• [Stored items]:
================
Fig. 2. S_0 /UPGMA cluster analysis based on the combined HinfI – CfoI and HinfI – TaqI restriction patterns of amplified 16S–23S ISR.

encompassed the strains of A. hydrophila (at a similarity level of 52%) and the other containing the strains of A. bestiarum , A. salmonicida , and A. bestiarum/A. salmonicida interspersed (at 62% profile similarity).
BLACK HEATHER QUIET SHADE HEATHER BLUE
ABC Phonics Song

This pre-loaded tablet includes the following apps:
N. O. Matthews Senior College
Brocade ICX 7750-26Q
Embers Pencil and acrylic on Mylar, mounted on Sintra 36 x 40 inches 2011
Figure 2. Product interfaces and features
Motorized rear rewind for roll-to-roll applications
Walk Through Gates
================
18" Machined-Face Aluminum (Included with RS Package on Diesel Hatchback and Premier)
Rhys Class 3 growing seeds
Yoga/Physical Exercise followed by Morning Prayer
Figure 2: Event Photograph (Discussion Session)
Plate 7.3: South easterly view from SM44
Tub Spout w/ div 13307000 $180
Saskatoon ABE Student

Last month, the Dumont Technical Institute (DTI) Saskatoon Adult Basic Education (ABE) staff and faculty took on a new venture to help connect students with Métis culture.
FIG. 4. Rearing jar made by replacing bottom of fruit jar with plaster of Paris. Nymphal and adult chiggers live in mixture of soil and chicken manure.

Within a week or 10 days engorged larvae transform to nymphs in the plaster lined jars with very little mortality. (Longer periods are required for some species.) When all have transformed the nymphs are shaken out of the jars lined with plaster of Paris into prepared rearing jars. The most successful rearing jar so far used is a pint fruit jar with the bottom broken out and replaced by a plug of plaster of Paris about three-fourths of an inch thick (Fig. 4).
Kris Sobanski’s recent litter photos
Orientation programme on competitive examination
================
• [Your task]: Retype only the lines above between the line with "Tub Spout w/ div 13307000 $180" and the line with "FIG. 4. Rearing", counting those two lines as well, and keep every character as it is.

• [Answer to this task]:
Tub Spout w/ div 13307000 $180
Saskatoon ABE Student

Last month, the Dumont Technical Institute (DTI) Saskatoon Adult Basic Education (ABE) staff and faculty took on a new venture to help connect students with Métis culture.
FIG. 4. Rearing jar made by replacing bottom of fruit jar with plaster of Paris. Nymphal and adult chiggers live in mixture of soil and chicken manure.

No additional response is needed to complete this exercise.